Reduce mem use in unique()

I am receiving an out of memory error when attempting to use the .unique() method on a dataset that fits into my computer’s RAM.

My laptop has 16GB of RAM, and I am running WSL with 14GB of RAM. I have tested the dataset with the .estimated_size() method, and it is around 6GBs. The schema of my data is:

index: Int64
first_name: Utf8
last_name: Utf8
race: Utf8
pct_1: Float64
pct_2: Float64
pct_3: Float64
pct_4: Float64
size = pl.read_parquet("data.parquet").estimated_size()
df = pl.scan_parquet("data.parquet") # use LazyFrames

I am using Polars version 0.18.4 and the LazyFrames feature. I am unable to perform tasks such as .unique(), .drop_nulls(), and so on without getting SIGKILLed.

I have attempted to sidestep this issue by writing a custom function, but this still results in an out of memory error.

def iterative_drop_nulls(expr: pl.Expr, subset: list[str]) -> pl.LazyFrame:
    for col in subset:
        expr = expr.filter(~pl.col(col).is_null())

    return expr

df = df.pipe(iterative_drop_nulls, ["col1", "col2"]).collect()

I have also tried using .lazy() and .collect(streaming=True), but to no avail.

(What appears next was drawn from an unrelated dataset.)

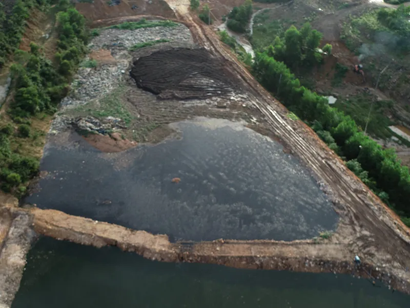 Từ phản ánh của người dân, ngày 18-8, PV Pháp Luật TP.HCMcó mặt tại khu vực bãi rác Khe Giang. Tại hiện trường, mùi hôi thối nồng nặc bốc lên. Khu vực cuối hồ chứa nước rỉ rác xuất hiện một rãnh nước mới đào còn nham nhở. Tại khu vực hồ chứa nước thải, nước đã ngấp nghé bờ. Hệ thống bờ bao xung quanh chỉ được đắp bằng đất đỏ tạm bợ.
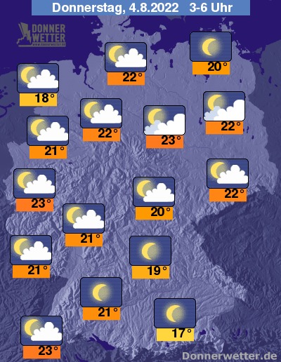 In der bevorstehenden Nacht zeigt sich der Himmel im Süden weitestgehend sternenklar. Im übrigen Land ist es teils auch sternenklar, zumeist jedoch locker bewölkt, dazu bleibt es trocken. Die Temperatur sinkt auf tropische 23 Grad in Freiburg und Magdeburg und bis 18 Grad in Wilhelmshaven.

I have found a workaround using Pandas:

df = pl.from_pandas(
    .drop_duplicates(subset=["col1", "col2"])

This works, but it doesn’t explain why I am getting an out of memory error when using Polars, given that the dataset fits into RAM. Is there something I can do to make .unique() take less memory?

The out of memory error you’re experiencing when using the .unique() method in Polars is likely due to the method attempting to load the entire dataset into memory to perform the uniqueness check. Even though your dataset fits into your computer’s RAM, Polars may still require additional memory for processing.

To make the .unique() method take less memory, you can try a few possible solutions:

  1. Increase the available memory: If possible, try allocating more memory to your WSL environment. You mentioned that you’re currently using 14GB of RAM, so consider increasing it further to see if it helps with the memory issue.

  2. Use chunked processing: Instead of loading the entire dataset into memory at once, you can process it in smaller chunks. Polars provides a .chunk() method that allows you to split the dataset into chunks and operate on each chunk individually. This can help reduce memory usage. Here’s an example:

    chunk_size = 100000  # Adjust the chunk size as needed
    unique_values = []
    for chunk in df.chunk(chunk_size):
    result = pl.concat(unique_values).unique()

    This code splits the dataset into chunks of size chunk_size and performs the uniqueness check on each chunk. Finally, it concatenates the unique values from each chunk and performs the uniqueness check again on the combined result.

  3. Use a combination of lazy operations: Instead of using .unique() directly, you can try using a combination of lazy operations to achieve the same result. For example, you can use .groupby() followed by .select() to get the unique values for specific columns:

    unique_values = df.groupby(["col1", "col2"]).select(pl.all()).collect()

    This code groups the dataset by the specified columns and selects all columns (pl.all()) for each group. The result will be the unique values for the specified columns.

Try these approaches and see if they help reduce the memory usage when using the .unique() method in Polars.